TASK REQUIREMENTS:
What you write must match, character for character, the lines from the one with "Holograficzne wykończenie nadaje" down to the one with "4. Measurement of" in the listing below, minus its pictures.

Start of DATASET RECORDS

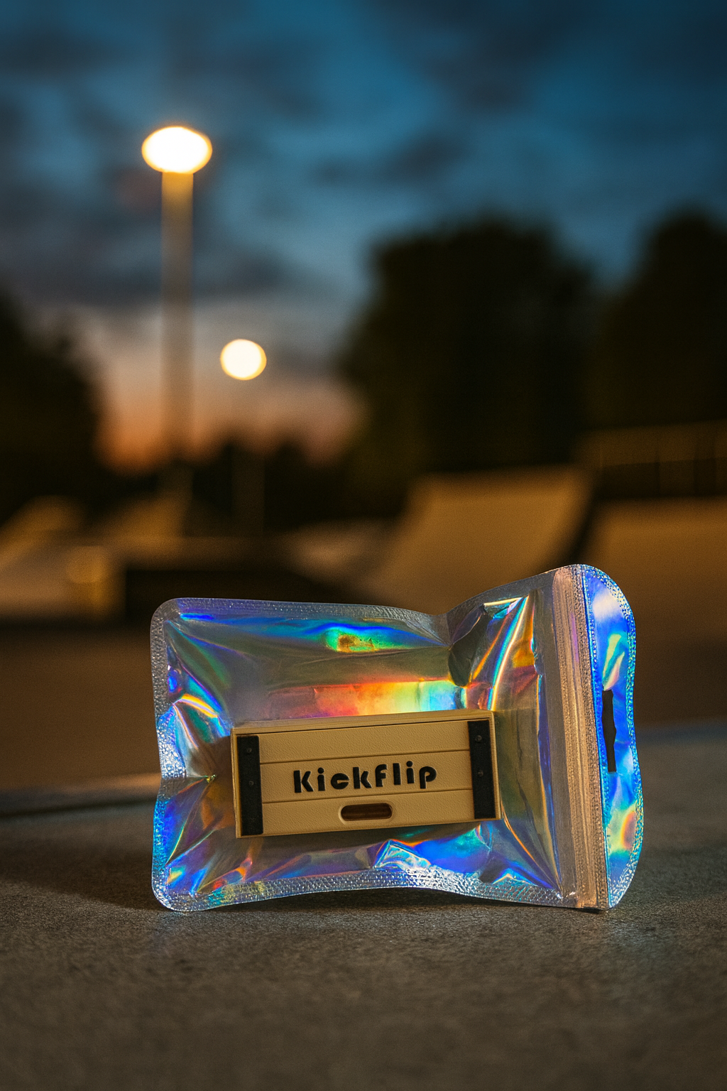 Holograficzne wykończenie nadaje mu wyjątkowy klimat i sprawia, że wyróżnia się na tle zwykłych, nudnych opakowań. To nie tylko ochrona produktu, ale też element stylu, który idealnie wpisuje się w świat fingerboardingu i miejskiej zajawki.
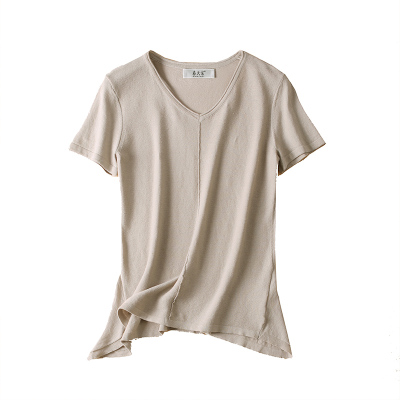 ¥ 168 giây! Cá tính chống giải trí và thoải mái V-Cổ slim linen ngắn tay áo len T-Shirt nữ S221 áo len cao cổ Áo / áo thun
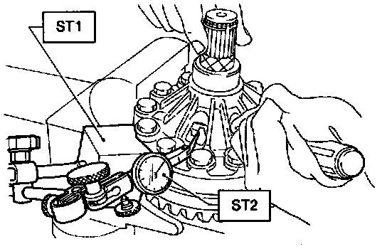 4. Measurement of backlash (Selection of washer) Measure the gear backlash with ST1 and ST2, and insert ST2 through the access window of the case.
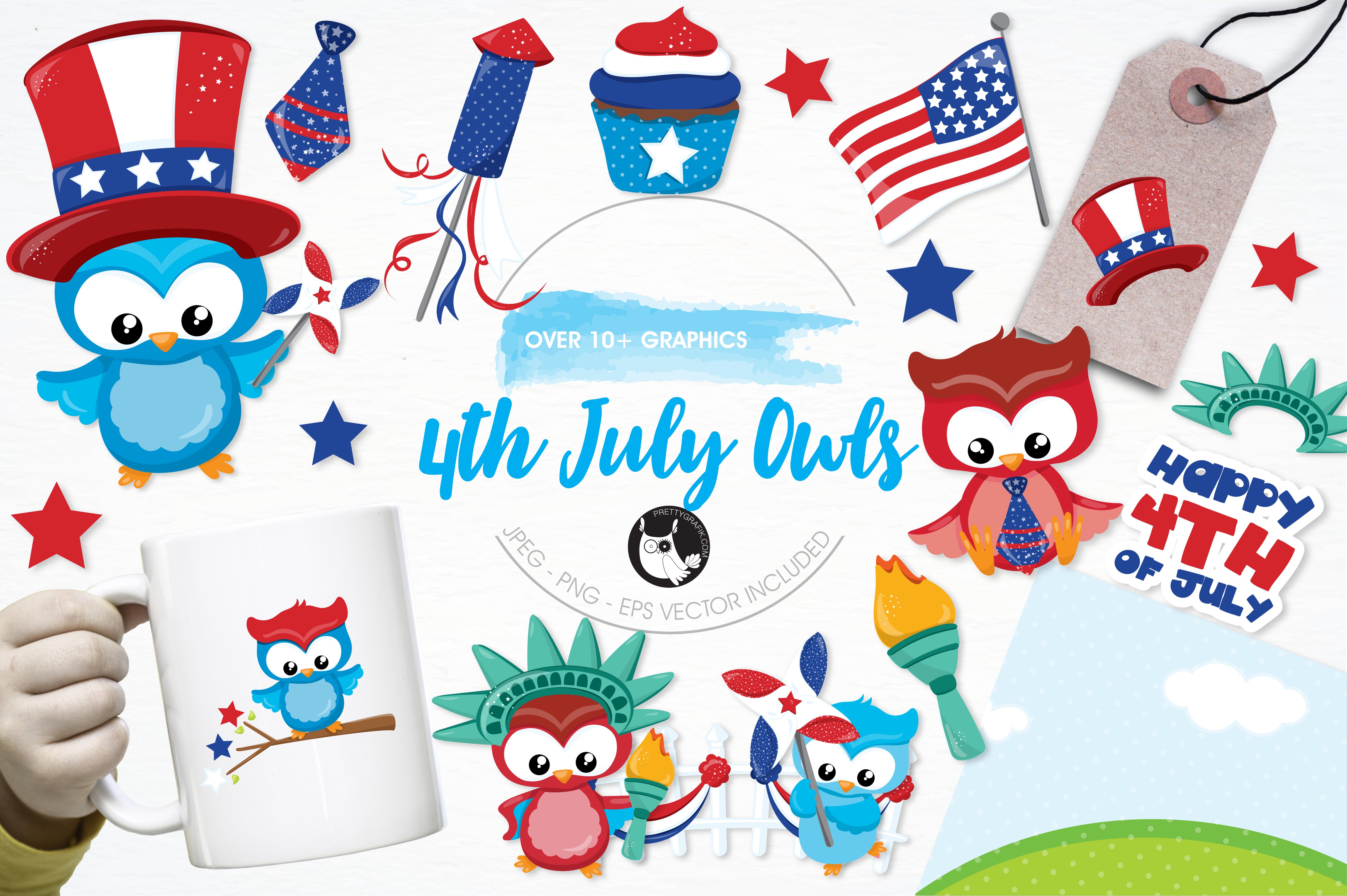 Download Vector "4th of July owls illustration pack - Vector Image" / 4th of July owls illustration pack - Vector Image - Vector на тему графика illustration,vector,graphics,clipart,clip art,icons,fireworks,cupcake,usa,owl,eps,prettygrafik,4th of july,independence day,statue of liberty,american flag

End of DATASET RECORDS
Start of DATASET RECORDS

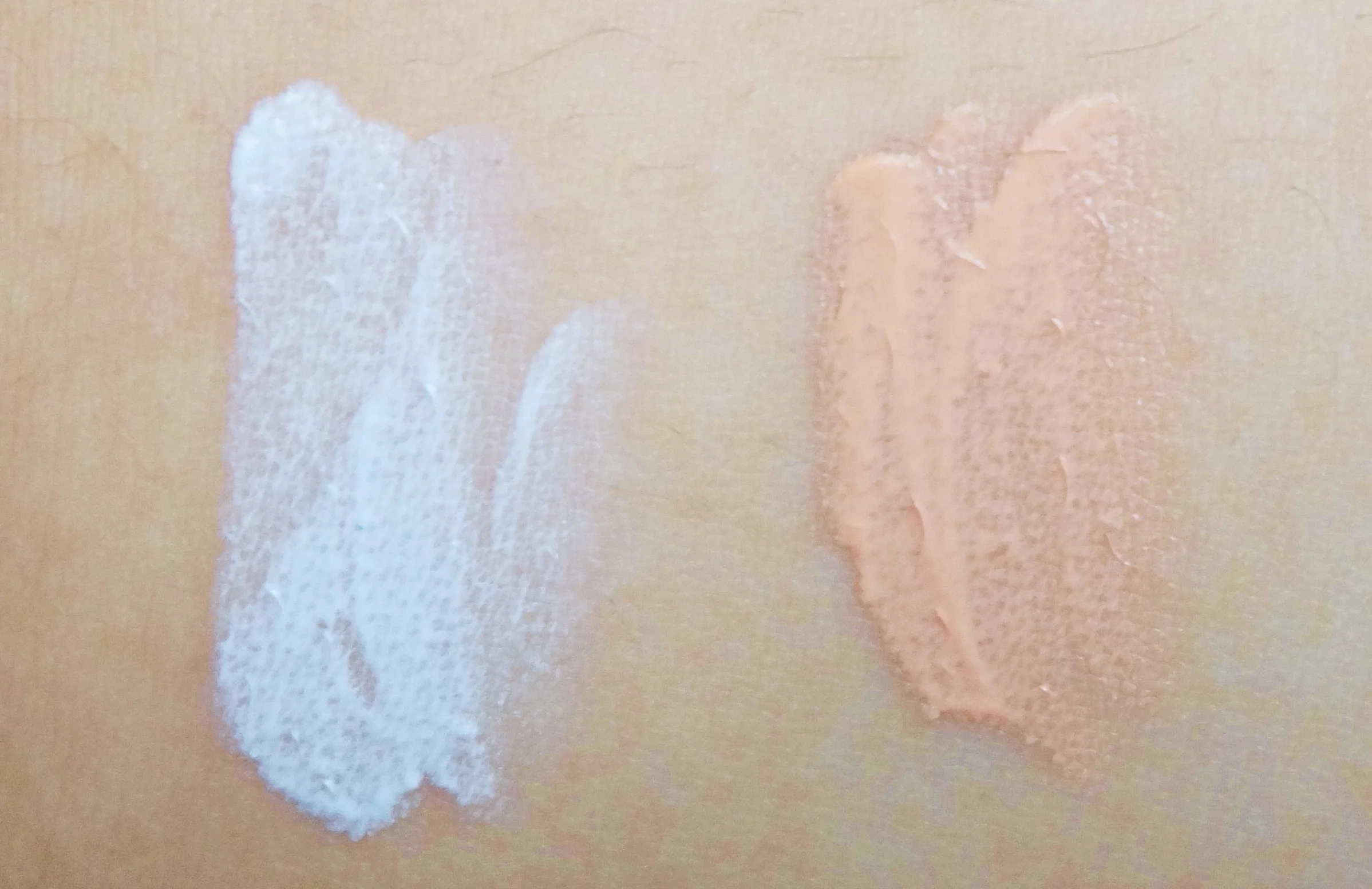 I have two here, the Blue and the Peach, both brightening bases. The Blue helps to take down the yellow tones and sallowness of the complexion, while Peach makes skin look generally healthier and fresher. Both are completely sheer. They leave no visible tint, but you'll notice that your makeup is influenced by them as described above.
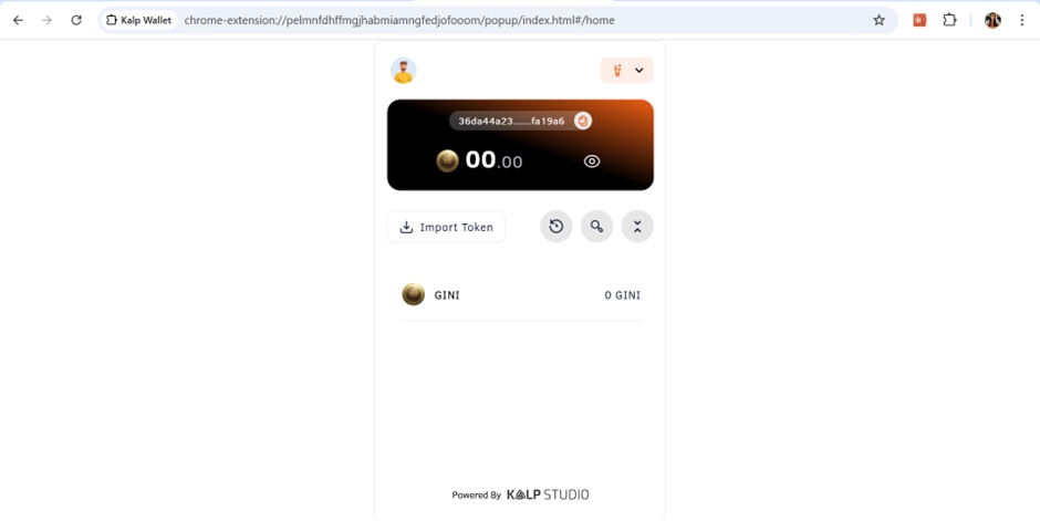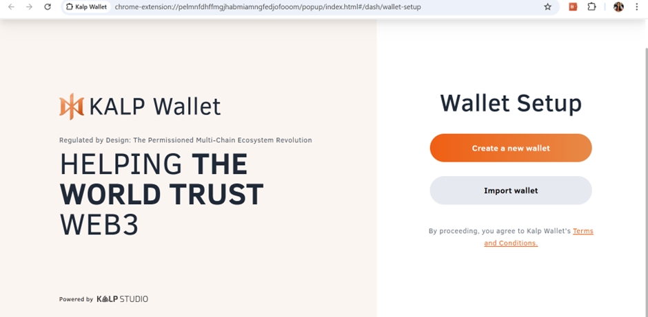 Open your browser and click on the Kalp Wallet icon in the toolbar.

End of DATASET RECORDS
Start of DATASET RECORDS

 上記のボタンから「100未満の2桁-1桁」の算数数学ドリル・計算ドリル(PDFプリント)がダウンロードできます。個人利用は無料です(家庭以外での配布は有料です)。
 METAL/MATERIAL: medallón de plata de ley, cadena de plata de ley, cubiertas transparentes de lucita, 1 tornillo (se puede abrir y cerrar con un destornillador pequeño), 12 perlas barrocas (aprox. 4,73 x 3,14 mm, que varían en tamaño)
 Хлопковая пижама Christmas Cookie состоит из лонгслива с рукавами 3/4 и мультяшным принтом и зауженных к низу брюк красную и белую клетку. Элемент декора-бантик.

End of DATASET RECORDS

RESULT:
 Holograficzne wykończenie nadaje mu wyjątkowy klimat i sprawia, że wyróżnia się na tle zwykłych, nudnych opakowań. To nie tylko ochrona produktu, ale też element stylu, który idealnie wpisuje się w świat fingerboardingu i miejskiej zajawki.
 ¥ 168 giây! Cá tính chống giải trí và thoải mái V-Cổ slim linen ngắn tay áo len T-Shirt nữ S221 áo len cao cổ Áo / áo thun
 4. Measurement of backlash (Selection of washer) Measure the gear backlash with ST1 and ST2, and insert ST2 through the access window of the case.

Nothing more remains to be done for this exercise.